HealSparseMap File Specification v1.8.0

A HealSparseMap file can be either a standard FITS file or a Parquet dataset. Each provides a way to record the data from a HealSparseMap object for efficient retrieval of individual coverage pixels. This document describes the memory layout of the key components of the HealSparseMap objects, as well as the specific file formats in FITS (HealSparseMap FITS Serialization) and Parquet (HealSparseMap Parquet Serialization).

HealSparseMap Memory Layout

A HealSparseMap object has two primary components, the coverage map and the sparse map.

Terminology

This is a list of terminology used in a HealSparseMap object:

  • nside_sparse: The HEALPix nside for the fine-grained (sparse) map

  • nside_coverage: The HEALPix nside for the coverage map

  • bit_shift: The number of bits to shift to convert from nside_sparse to nside_coverage in the HEALPix NEST scheme. bit_shift = 2*log_2(nside_sparse/nside_coverage).

  • valid_pixels: The list of pixels with defined values (> sentinel) in the sparse map.

  • sentinel: The sentinel value that notes if a pixel is not a valid pixel.

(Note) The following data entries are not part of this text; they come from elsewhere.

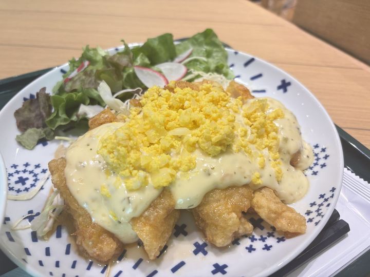 注文したのは、肉厚なチキンの上にタルタルソースがたっぷりかかった「宮崎名物 チキン南蛮プレート」。宮崎ソウルフードとして有名なチキン南蛮を心ゆくまで堪能できる、お店自慢のメニューです。ランチメニューは、スープとサラダ、選べるドリンクがセットになっています。(一部対象外のメニューあり)
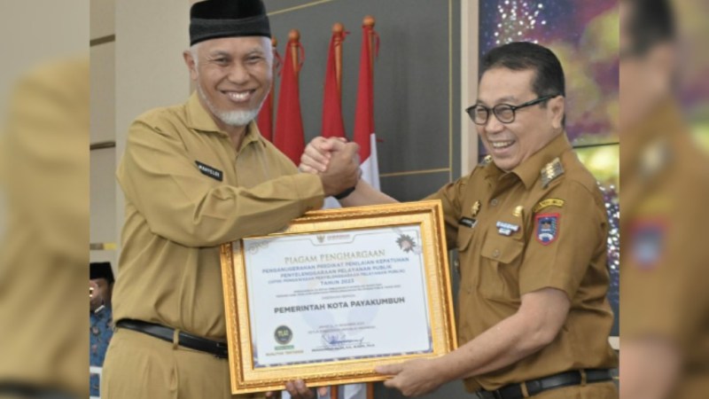 Penghargaan bergengsi dibidang pelayanan publik tersebut diserahkan langsung oleh Gubernur Sumbar Mahyeldi Ansarullah yang didampingi Kepala Ombudsman RI Perwakilan Sumbar Yefri Heriani kepada Penjabat (Pj) Wali Kota Payakumbuh Jasman.
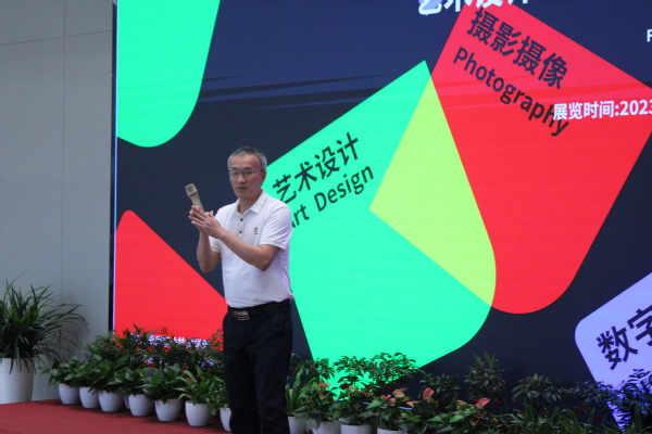 叶云龙在开幕式上致辞,他表示本次毕业作品展既是总结也是起点,是艺术设计学院致力文艺赋美、助力共富的积极尝试,也是对“专业融合、产教融合、双创融合”育人模式的积极探索。
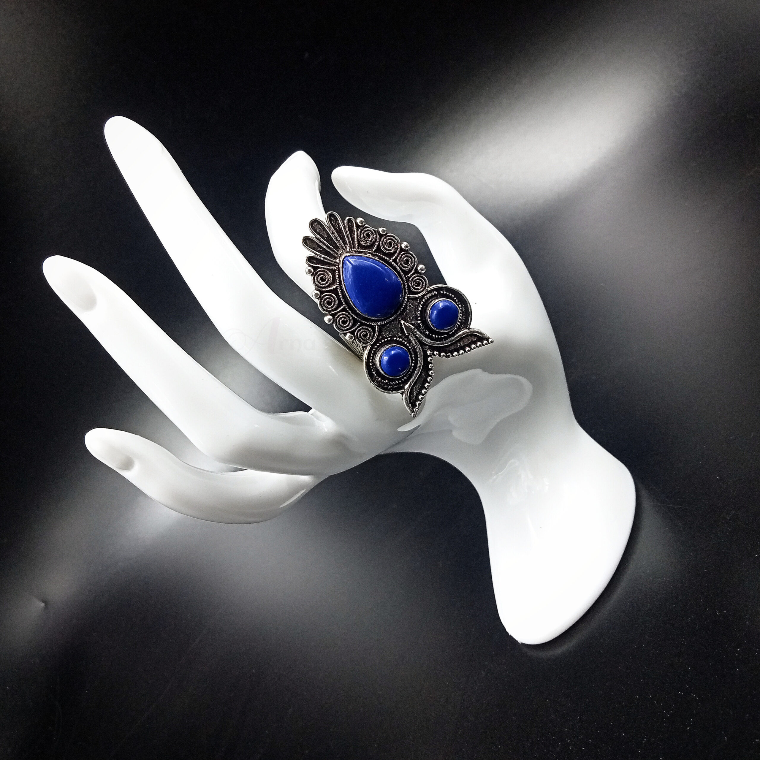 1 PC BLACK WHITE GOLDEN HAND PAINTED SILVER FINGER RING
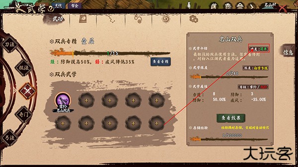 7、随着武学熟练度的提升,不同的熟练度需要打相应的怪物获得满额经验(如当前打的怪没有获得满额经验,会在经验获取那有红色向下箭头表示你应该更换其他怪物打)
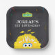 Set the tone for a fun-filled celebration with these Sesame Street birthday plates featuring Big Bird! The design showcases Big Bird’s cheerful smile and iconic yellow feathers, paired with a playful chalkboard background and colorful confetti accents. Perfect for kids’ birthday parties, these vibrant and whimsical plates are fully customizable, making it a delightful way to celebrate with guests at your special event.
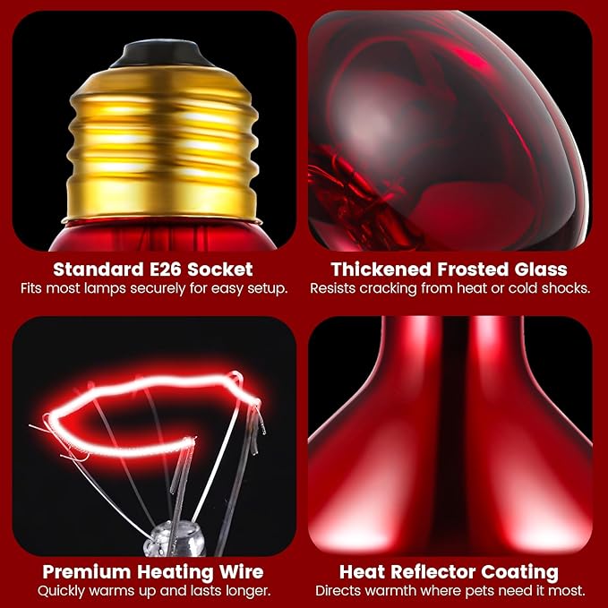 2-Pack 100W Infrared Heat Lamp - Reptile Heat Emitter, Red Heat Bulb for Chicked, Snake & Leopard Gecko, E26 Base
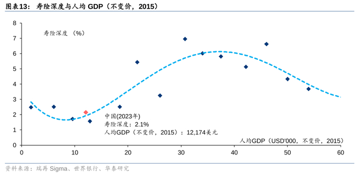 从全世界主要经济体的经验来看,寿险业的发展空间取决于经济的发展阶段。我们对全世界34个国家1999-2023年的数据分析显示,当人均GDP(美元,不变价,2015)超过1万美元的时候,寿险保险深度进入快速提升阶段。人均GDP从1万美元上升到3万美元,寿险的保险深度会从2%左右上升至6%左右。也就是说这一阶段寿险保费增长速度超过了GDP增长速度,寿险呈现出加速发展态势。我们认为这条曲线仍然有其现实意义,当居民富裕之后,增加寿险保障以保护人力资本是历史的大趋势,中国的消费者也不例外。中国的人均GDP刚刚超过1万美元不久,我们认为只要中国的经济继续发展,消费者就会购买越来越多的保险保障。
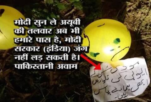 ਪਠਾਨਕੋਟ: ਭਾਰਤੀ ਫੌਜ ਵੱਲੋਂ ਪੀਓਕੇ 'ਚ ਸਰਜੀਕਲ ਸਟ੍ਰਾਈਕ ਤੋਂ ਬਾਅਦ ਭਾਰਤ-ਪਾਕਿ ਸਰਹੱਦ 'ਤੇ ਤਣਾਅ ਹੈ। ਭਾਰਤ ਦੀ ਕਾਰਵਾਈ ਤੋਂ ਪਾਕਿਸਤਾਨ ਦੀ ਬੌਖਲਾਹਟ ਸਾਫ ਦੇਖੀ ਜਾ ਰਹੀ ਹੈ। ਇਸੇ ਦੌਰਾਨ ਸ਼ਨੀਵਾਰ ਰਾਤ ਪੰਜਾਬ ਦੇ ਪਠਾਨਕੋਟ ਨਾਲ ਲਗਦੇ ਬਮਿਆਲ ਸੈਕਟਰ 'ਚ 2 ਪੀਲੇ ਰੇਗ ਦੇ ਗੁਬਾਰੇ ਬਰਾਮਦ ਹੋਏ ਹਨ। ਇਹਨਾਂ ਗੁਬਾਰਿਆਂ ਦੇ ਨਾਲ ਇੱਕ ਚਿੱਠੀ ਵੀ ਮਿਲੀ ਹੈ। ਇਸ ਚਿੱਟੀ 'ਚ ਉਰਦੂ ਭਾਸ਼ਾ 'ਚ ਮੋਦੀ ਦਾ ਨਾਮ ਲੈ ਕੇ ਧਮਕੀ ਦਿੱਤੀ ਗਈ ਹੈ। ਚਿੱਠੀ 'ਚ ਲਿਖਿਆ ਹੈ, "ਮੋਦੀ ਸੁਨ ਲੇ, ਅਯੂਬੀ ਦੀ ਤਲਵਾਰ ਅਜੇ ਵੀ ਸਾਡੇ ਕੋਲ ਹੈ। ਮੋਦੀ ਸਰਕਾਰ ਜੰਗ ਨਹੀਂ ਲੜ ਸਕਦੀ।" ਇਸ ਚਿੱਠੀ ਦੇ ਹੇਠਾਂ ਪਾਕਿਸਤਾਨੀ ਅਵਾਮ ਲਿਖਿਆ ਗਿਆ ਹੈ। ਜਿਕਰਯੋਗ ਹੈ ਕਿ ਪਠਾਨਕੋਟ ਉਹੀ ਇਲਾਕਾ ਹੈ, ਜਿੱਥੇ ਪਾਕਿਸਤਾਨ ਵੱਲੋਂ ਦੋ ਵੱਡੇ ਅੱਤਵਾਦੀ ਹਮਲਿਆਂ ਨੂੰ ਅੰਜਾਮ ਦਿੱਤਾ ਜਾ ਚੁੱਕਾ ਹੈ। ਫਿਲਹਾਵ ਗੁਬਾਰਿਆਂ ਨੂੰ ਜ਼ਬਤ ਕਰ ਜਾਂਚ ਲਈ ਭੇਜ ਦਿੱਤਾ ਗਿਆ ਹੈ।
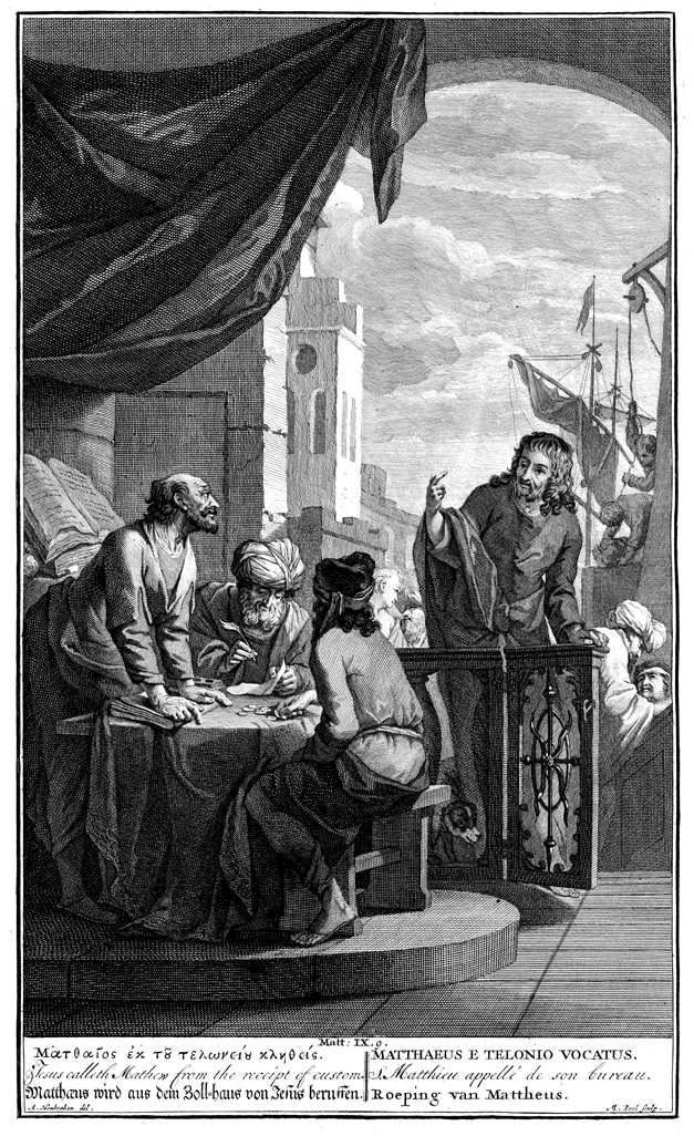 Description: Jesus beckons Matthew, who rises from a table with a look of longing as two other men count money. Engraved by Matthijs Pool (1676-1732) from the design of Arnold Houbraken (Houbrake).
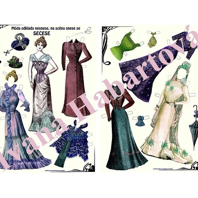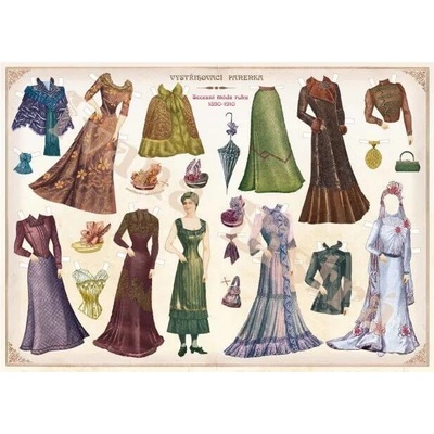 Pod heslem "Móda odkladu nesnese, na scénu snese se secese" vám nabízíme papírovou secesní panenku na vystřihování a oblékání. Panenka si může vzít patery různé šaty, živůtek, halenku, šátek na krk, dvě různé pokrývky hlavy, deštník a dokonce i zlatavou paruku!Panenku...
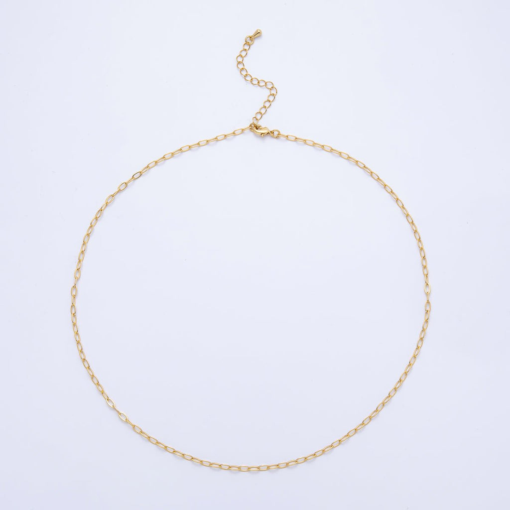 16K Gold Filled 2.5mm x 4.8mm Minimalist Paperclip Chain 18 Inch, 19.5 Inch Necklace w. Extender | WA-4066 WA-4067
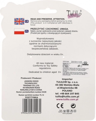 Bez ostrych krawędzi, staranne szycie i miękkie wypełnienie zapewniają bezpieczną zabawę i przytulanie od pierwszych miesięcy.
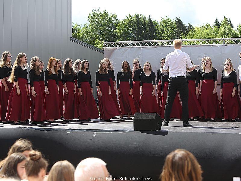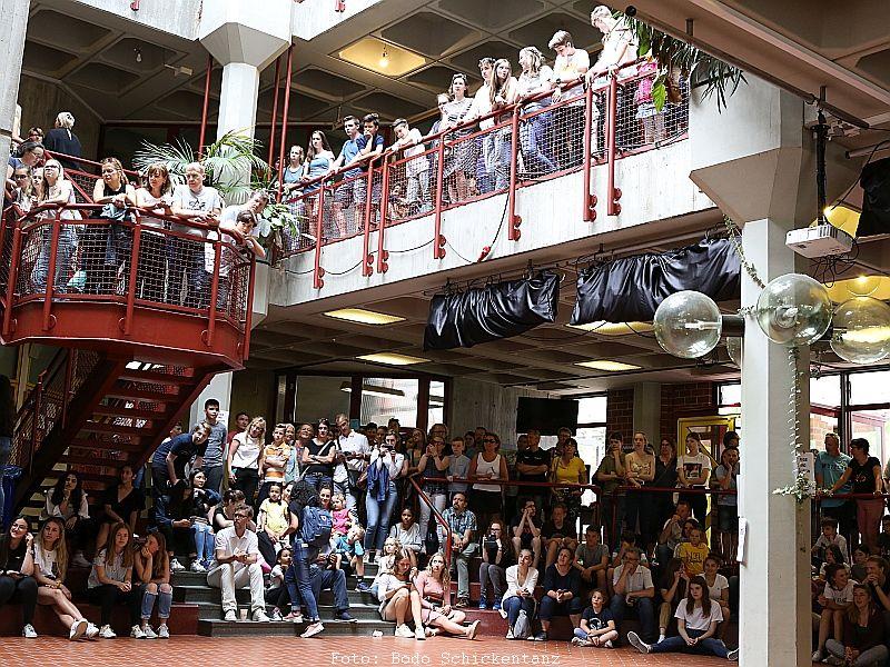 Auf das Jubiläumsfest hatten die Schülerinnen und Schüler, Ehemaligen, Eltern und Lehrenden sich an drei Tagen in über 70 Projekten unter dem Motto „Talente entdecken“ vorbereitet. Die Ergebnisse der Arbeitsgruppen wurden am Samstag auf dem gesamten GYMNO-Gelände präsentiert. Entstanden ist dabei ein buntes Potpourri aus Sport-, Tanz-, Kunst- und Musikdarbietungen. Außerdem gab es jede Menge Ergebnisse aus den Literatur- und Geschichtsprojekten, Koch- und Wanderprojekten zu bestaunen. Über die Kreativität und Ausdauer der Teilnehmer in den jahrgangsübergreifenden Gruppen kann man sich weiterhin auf dem Schülerblog unter www.gymnoblog.wixsite.com/website informieren.
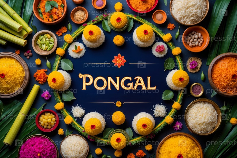 Pongal Traditional India festive Holiday Greeting Card on Colored Background with Food AI Generative Праздничная традиционная индийская праздничная открытка на цветном фоне с продуктами питания
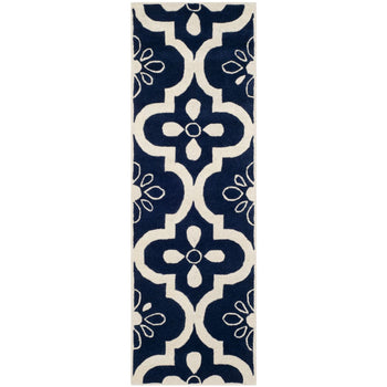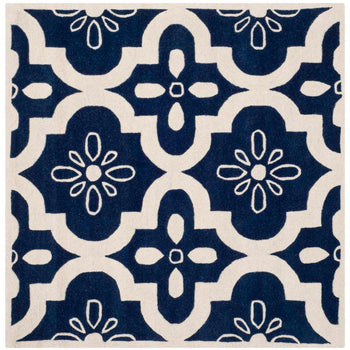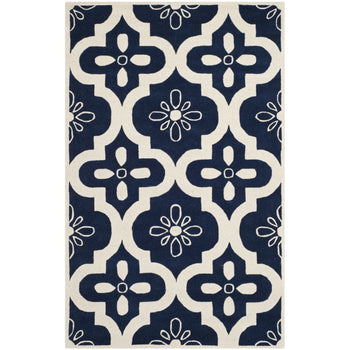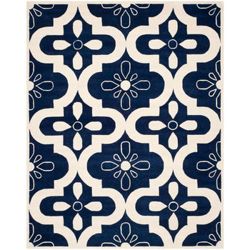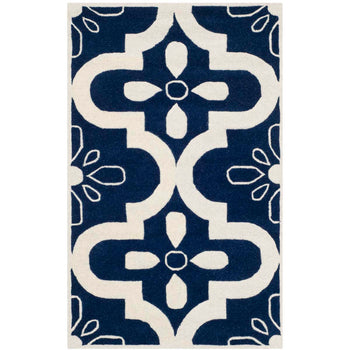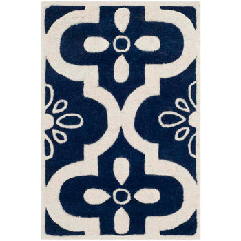 Drenched in a sophisticated palette of dark blue and ivory, this rug features a striking pattern that draws inspiration from age-old motifs. The bold, symmetrical design is an homage to classic aesthetics while offering a fresh, contemporary look, making it a versatile choice for your home decor. The contrast of the dark blue against the creamy ivory exudes a sense of depth and luxury.
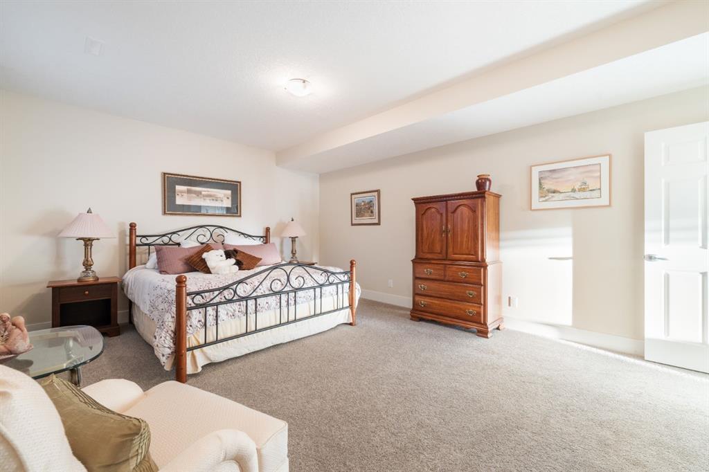 The fully finished walkout basement offers 9-foot ceilings, in-floor heating, a large family room, two additional bedrooms, and a full bathroom—great for guests, hobbies, or extra living space. Additional features include central air conditioning, a double attached garage, solid hardwood floors, and modern finishes throughout. The complex is well managed, has low turnover, and is known for its quiet setting and mature demographic. The HOA provides access to the Rocky Ridge community association and clubhouse amenities, including tennis courts, playgrounds, a water feature, and shared facilities. Conveniently located with easy access to Stoney Trail and Crowchild Trail, and close to shopping, transit, parks, and pathways. A solid opportunity to own a quality bungalow villa in a well-run complex with excellent views.

Default is hpgeom.UNSEEN for floating-point maps, -MAXINT for integer maps, and 0 for wide mask maps.

  • nfine_per_cov: The number of fine (sparse) pixels per coverage pixel. nfine_per_cov = 2**bit_shift.

  • wide_mask_width: The width of a wide mask, in bytes.

Pixel Lookups

The HealSparseMap file format is derived from the method of encoding fast look-ups of arbitary pixel values using the HEALPix nest pixel scheme.

Given a nest-encoded sparse (high resolution) pixel value, pix_nest, we can compute the coverage (low resolution) pixel value with a simple bit shift operation: ipnest_cov = right_shift(pix_nest, bit_shift), where bit_shift is defined in Terminology.

The sparse map itself is stored in blocks of data, each of which includes nfine_per_cov contiguous pixels for each coverage pixel that contains valid data. To find the location within a given a coverage block, we need to subtract the first fine (sparse) nest pixel value for the given coverage pixel. Therefore, first_pixel = nfine_per_cov*ipnest_cov.

Next, if we have a map of offsets which points to the location of the proper sparse map block, cov_map_raw_offset, we find the look-up index is index = pix_nest - nfine_per_cov*ipnest_cov + cov_map_raw_offset[ipnest_cov]. In practice, we can combine the final terms here. The look-up index is then index = pix_nest + cov_map[ipnest_cov] where cov_map = cov_map_raw_offset[ipnest_cov] - nfine_per_cov*ipnest_cov.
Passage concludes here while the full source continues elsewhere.